In practice we can't create these system sets like this as it would be very unergonomic for users. But systems sets are just sugar anyways and don't exist at runtime. We can just apply the correct labels to individual systems.

```rs
// .produces
.add_system(side_effect_producer.produces(SideEffectLabel))
// is equivalent to
.add_system(side_effect_producer
.label(SideEffectLabel)
.label(produces(SideEffectLabel))
.before(handles(SideEffectLabel))
.before(consumes(SideEffectLabel))
)

// .handles
.add_system(side_effect_reader.handles(SideEffectLabel))
// is equivalent to
.add_system(side_effect_reader
.label(SideEffectLabel)
.label(handles(SideEffectLabel))
.after(produces(SideEffectLabel))
.before(consumes(SideEffectLabel))
)

// .consumes
.add_system(side_effect_consumer.consumes(SideEffectLabel))
// is equivalent to
.add_system(side_effect_consumer
.label(SideEffectLabel)
.label(consumes(SideEffectLabel))
.after(produces(SideEffectLabel))
.after(handles(SideEffectLabel))
)
```
## Drawbacks

* The major drawback is that this API is adding a lot more interconnection in the scheduling graph which can potentially make things harder to reason about or accidentally create dependency cycles.

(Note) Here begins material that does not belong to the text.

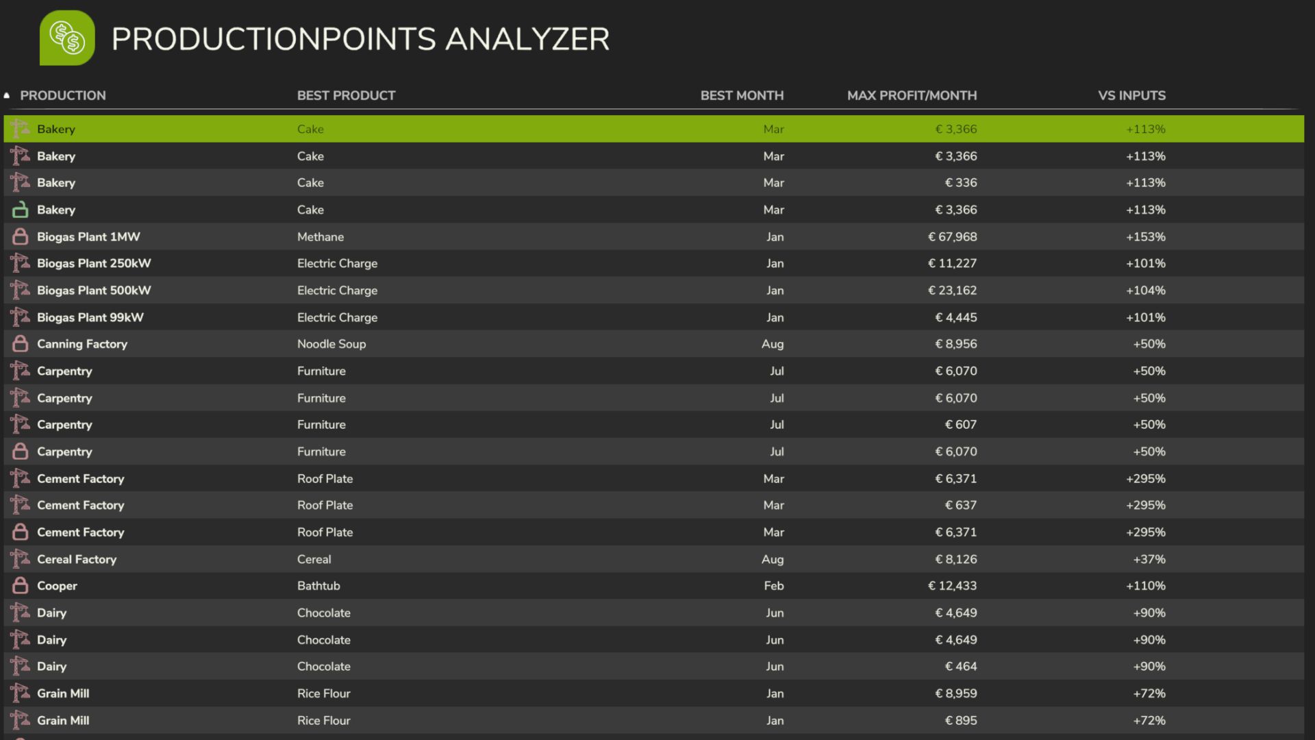 With Economy Analyzer of Productionpoints, all productions on the map are displayed in one unified view, clearly showing which productions you already own and which are still available for construction. Buildable productions that have not yet been placed are marked with a dedicated icon, making it easy to compare options and plan investments before committing resources. This allows players to evaluate profitability early and avoid costly mistakes.

I think this is unavoidable and the advantages for data consistency are clear.

## Open questions

* It is possible to create a *valid* dependency cycle that cannot be resolved. This can be caused when systems need to run repeatedly as with looping run criteria. If that is the case then we might need an `.after_can_break` type of edge that could be ignored in dependency cycle checking.
* `.uses(Label)` There is a case to be made for wanting to order things after the consumer has done something with the side effect. I'm not sure if this is a separate case though or just another side effect. Like in the case of commands the consumer consumes the command queue, but it also produces an entity. So in this case what is the difference between `.uses("entity")` vs `.consumes("entity")`. It could potentially be more ergonomic as `.uses` is a more generalized version of `.after_commands` from https://github.com/bevyengine/rfcs/pull/34

## Alternatives Considered

* The example above for expressing the relationships between side effects using just labeling and system sets has one major problem. There is no current api for adding systems to system sets after the system set has been created. If such an api did exist we could potentially just add systems to the correct system set. This didn't seem better than the proposed API and has some implementation complexity since system sets are mostly just api sugar for labeling multiple systems and does not exist at runtime.

## Future Work

* This is part of a bigger redesign of the ECS trying to solve problems with scheduling around hard sync points and data consistency between states. This RFC by itself doesn't solve those problems, but it does encode information about dependencies that other RFCs might need to actually solve the data consistency problems.
* Side effects are effectively typed. Build an API to pass and send side effects and enforce the typing between producers and consumers. This could either be with data stored in the executor or a Resource that manages access through access tokens (what Boxy is working on).
* This API doesn't really directly address data consistency problems due to changes to run criteria. Ideally we'd figure out a way to enforce that the consumer needs to run if side effects have been produced. I don't think this can be done in the system graph construction stage and probably needs to be done at run time somehow.
* I initially had `.writes` and `.reads`, but merged them together into `.handles` because they have the same ordering constraints. It's possible that this API could be used for a data transport layer for shipping around data associated with side effects and `.handles` would then need to be split apart again, because reads can happen in parallel, but writes can't.